I don't want to alter the geometry, just change the geometry type from Polygon to Multipolygon, in order to comply with a constraint.
2 Answers
You can use Aggregator
transformer.
Be careful what mode you choose. To illustrate, I have 5 polygons in entry. If I choose :
- Geometry - Assemble One Level : The result is one feature (merging of the 5).
- Geometry - Assemble Hierarchy : The result is five features. I specify the mergefield (here
FID
), I have 5 unique values so I will keep the 5 geometries.
I agree that the Aggregator is the way to go here, but I don't agree about using the Hierarchy mode. That mode is really only where you want to create, well, a hierarchy of geometries, with a parent containing several children.
What the OP wants here (I believe) is just to tag an individual polygon as a multi-polygon. To do that I would use the Assemble One Level mode, but set the ID as a Group By:
This makes each park in my dataset a multi-polygon feature with a single part:
However, there are a couple of things to be aware of.
Firstly, notice that the Aggregate Type parameter has two options. If you go for a Homogeneous Collection then you'll get an FME IFMEMultiArea geometry as above.
However, if you go with a Heterogeneous Collection, then you'll get an IFMEAggregate geometry, like so:
This is obviously slightly different. Which you should set depends on exactly what you're looking for and what your data format will support; and that brings me to the second point to be aware of...
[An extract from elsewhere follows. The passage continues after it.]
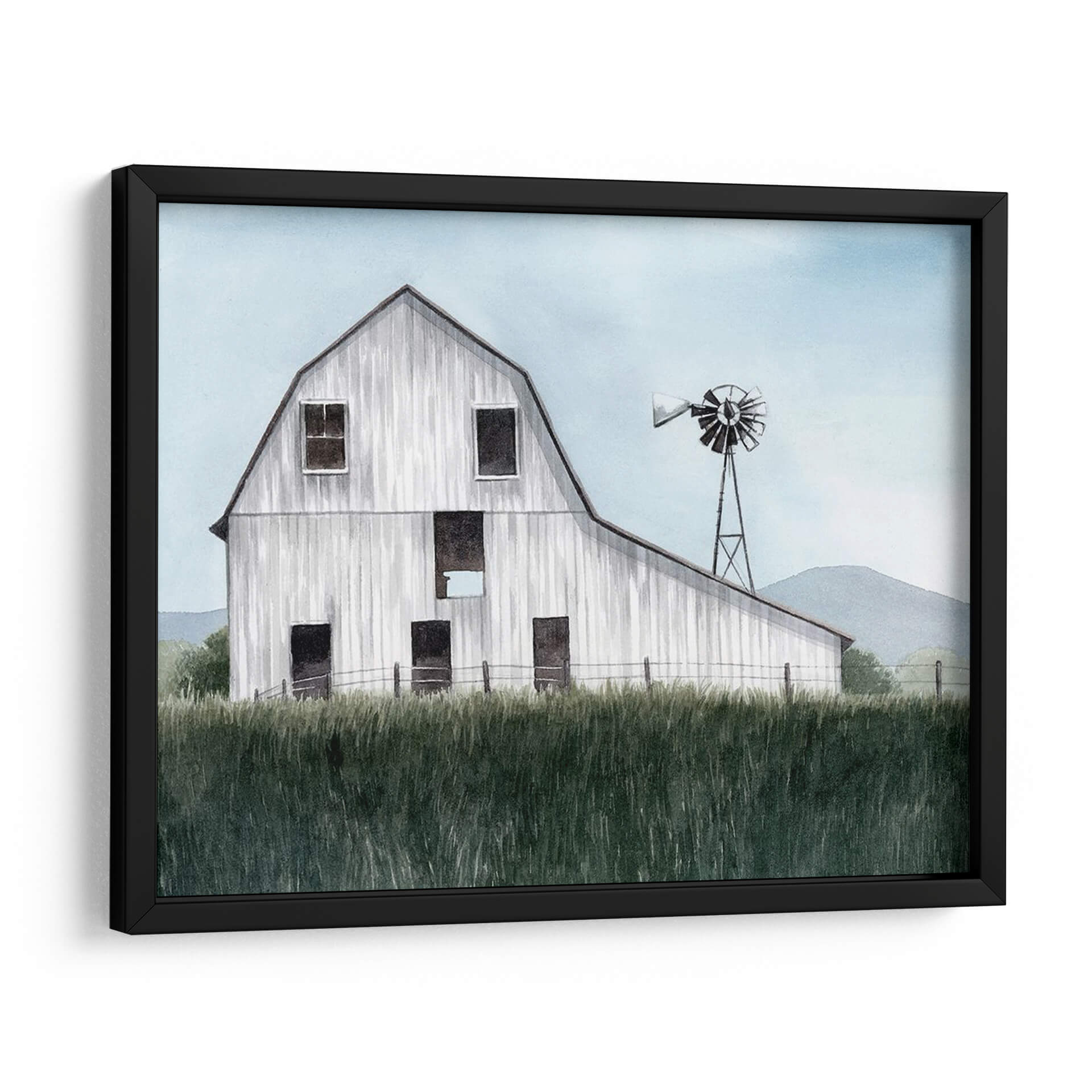 Sumérgete en la nostalgia y la serenidad del campo con "Bygone Gran I", una obra de arte que captura la esencia de un granero rústico y un molino de viento bajo un cielo sereno. Esta pieza, con su paleta de colores suaves y acuarelados, evoca una sensación de paz y tranquilidad, transportándote a un momento atemporal. La pintura presenta un granero de madera desgastada, con sus texturas y líneas verticales detalladas, flanqueado por un cielo azul claro y un paisaje de colinas ondulantes en la distancia. La hierba alta y frondosa en primer plano añade una capa de profundidad y naturalidad, mientras que el icónico molino de viento se alza como un guardián silencioso de tiempos pasados. El estilo, que recuerda a la acuarela clásica, ofrece una suavidad en los trazos y una delicadeza en los tonos que lo hacen ideal para cualquier espacio que busque un toque de encanto rural o una atmósfera relajante. "Bygone Gran I" es perfecto para añadir carácter a tu sala de estar, crear un ambiente de calma en tu dormitorio, o aportar una nota de autenticidad a tu oficina. Este cuadro decorativo es una invitación a la contemplación, un recordatorio de la belleza simple y perdurable de la vida en el campo, listo para embellecer tu hogar con su encanto atemporal y su atmósfera pacífica. Descubre la elegancia discreta de esta pieza y transforma tu espacio.
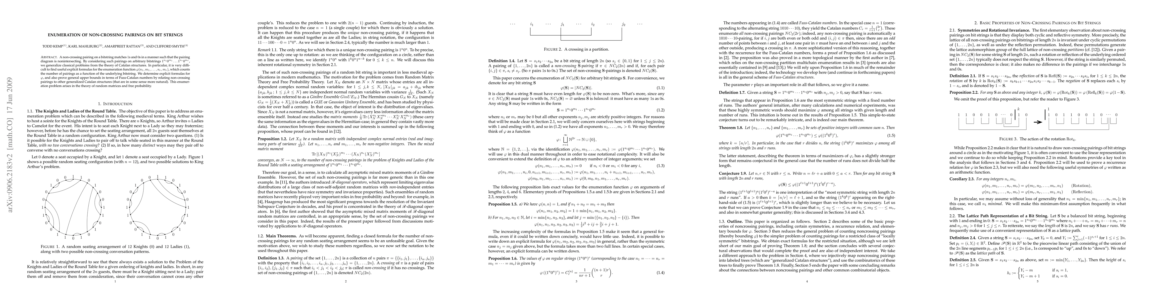 This paper enumerates non-crossing pairings on bitstrings, providing explicit formulas for the count function $\phi$ and proving upper bounds in terms of Fuss-Catalan numbers. The enumeration problem is linked to random matrices and free probability theory.

Forming the geometry like this inside FME is entirely different to what may (or may not) get written to the output format. Without knowing the output format I can't say for sure that it allows either of these geometry types. It may not allow multi-polygon geometry or it may not allow a multi-polygon to have just one part.
In this case, since you have the requirement for multi-polygon features, then your format presumably supports it. You might just need to experiment between the Homogeneous and Heterogeneous types to see which gives the best result in the output, but it should be OK.
But other users reading this (should there be any) need to ensure their format supports this type of geometry.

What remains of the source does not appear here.